> _What is expected_:
Task for the records below: copy exactly from the first line on, stopping once the line with "Искусственная зелень –" is copied, and leave out the pictures.

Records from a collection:
== Segment start ==

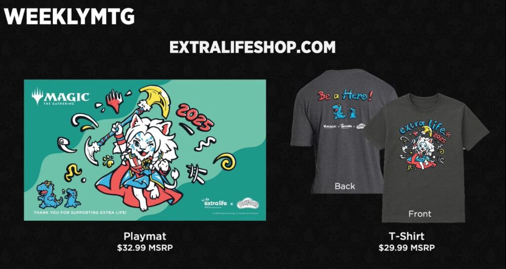 Other swag available from the Extra Life Shop by Ultra Pro to help the cause includes the 2025 playmat and T-Shirt.
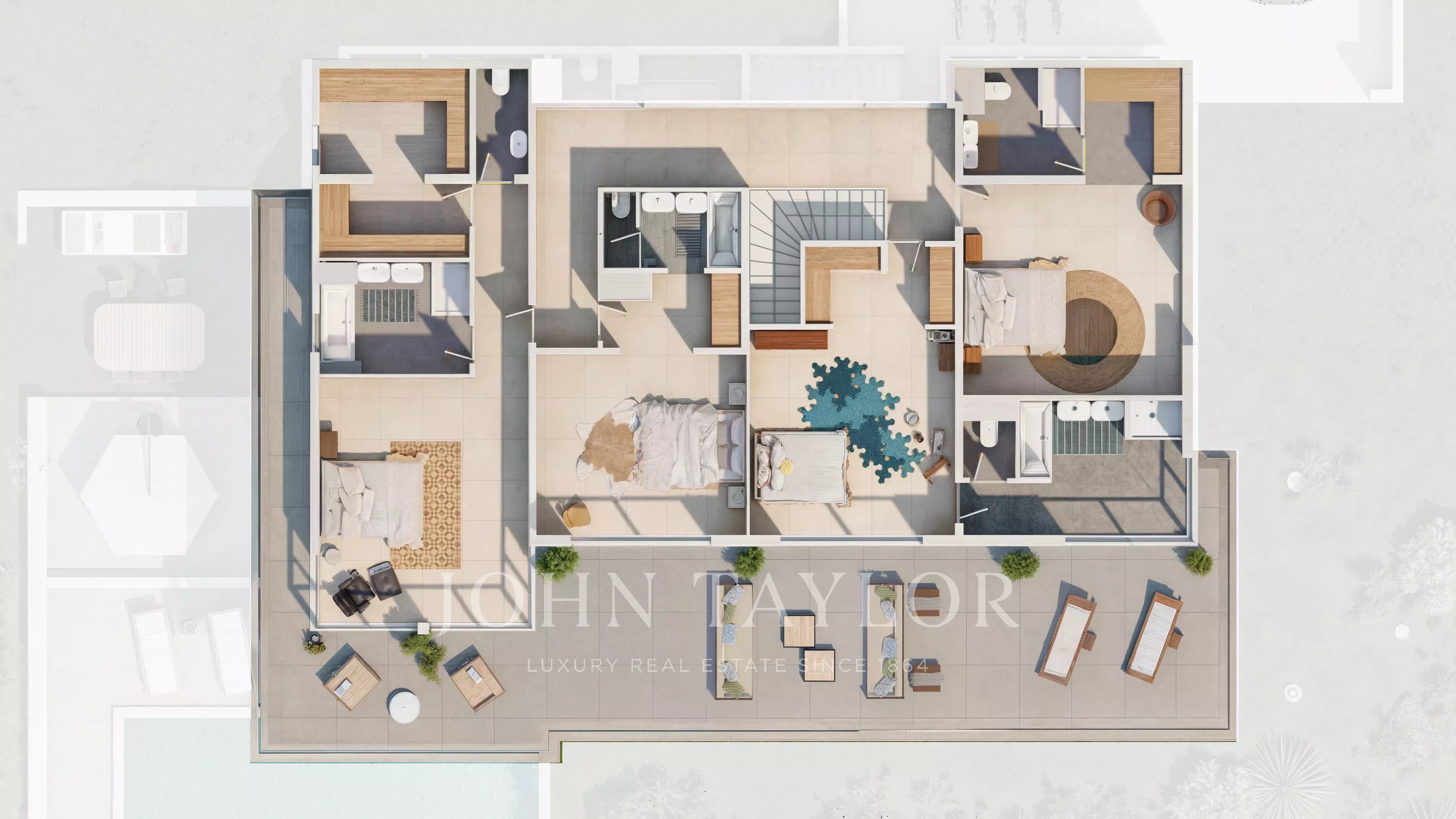It features a spacious, light-filled living room with open kitchen, five elegant bedrooms, each with en suite bathroom.
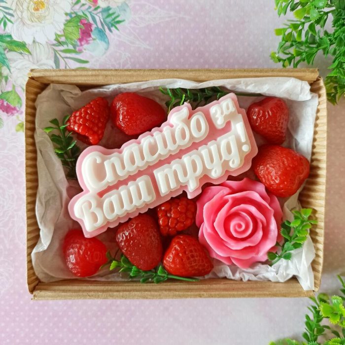 Искусственная зелень – 3 шт.мыло надпись спасибо за ваш труд – 1 шт.Мыло роза – 1 шт.мыльные ягодки – 10 шт.
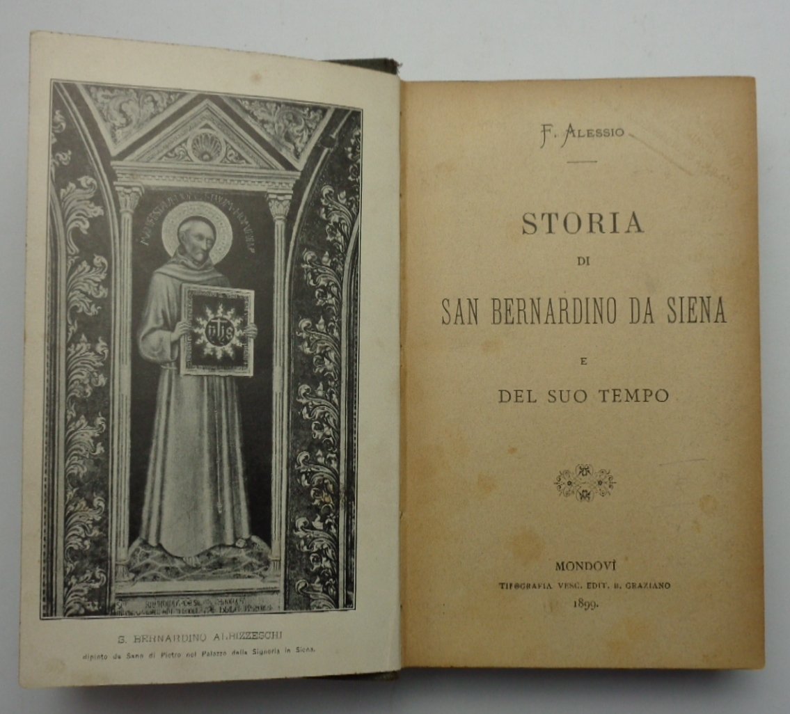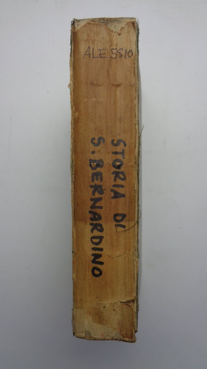 Un volume (20 cm) di 491 pagine; ritratto di San Bernardino in antiporta. Il volume porta al retro del piatto l'ex libris di p. Vittorino Facchinetti: le varie sottolineature a matita presenti nel libro sono a lui attribuibili. Bollo di biblioteca ecclesiastica estinta alla pagina bianca. Legatura coeva, cui MANCA del tutto il dorso, con altre usure. Al retro del piatto, come indicato, l'ex libris di p. Vittorino Facchinetti (1883-1950). "Antesignano dei mezzi audiovisivi applicati all'apostolato, predicò in Italia e all'estero, scrisse numerose opere e una trilogia delle vite di San Francesco, Sant'Antonio, San Bernardino. Fu il primo oratore sacro ai microfoni della radio divenendo subito popolare e ascoltatissimo. Questa forma di apostolato iniziata nel 1925 continuò per un decennio" (Enciclopedia bresciana). Nel volume alcune pagine sono dedicate anche alla predicazione di Bernardino a Luserna e in val Pellice per la conversione dei Valdesi, cui vengono attribuiti riti satanici.
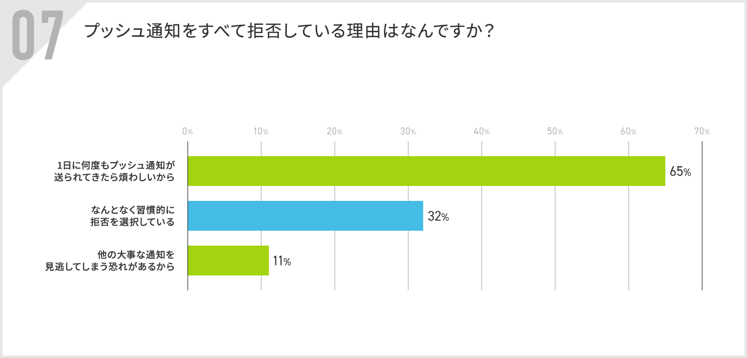 Q2でプッシュ通知を「すべて拒否している」と選択した人にその理由を伺ったところ、「1日に何度もプッシュ通知が送られてきたら煩わしいから」と選択した人が65%で最多でした。習慣的に拒否している人も32%と高い割合を示しました。

== Segment end ==

> _Answer to this problem_:
 Other swag available from the Extra Life Shop by Ultra Pro to help the cause includes the 2025 playmat and T-Shirt.
It features a spacious, light-filled living room with open kitchen, five elegant bedrooms, each with en suite bathroom.
 Искусственная зелень – 3 шт.мыло надпись спасибо за ваш труд – 1 шт.Мыло роза – 1 шт.мыльные ягодки – 10 шт.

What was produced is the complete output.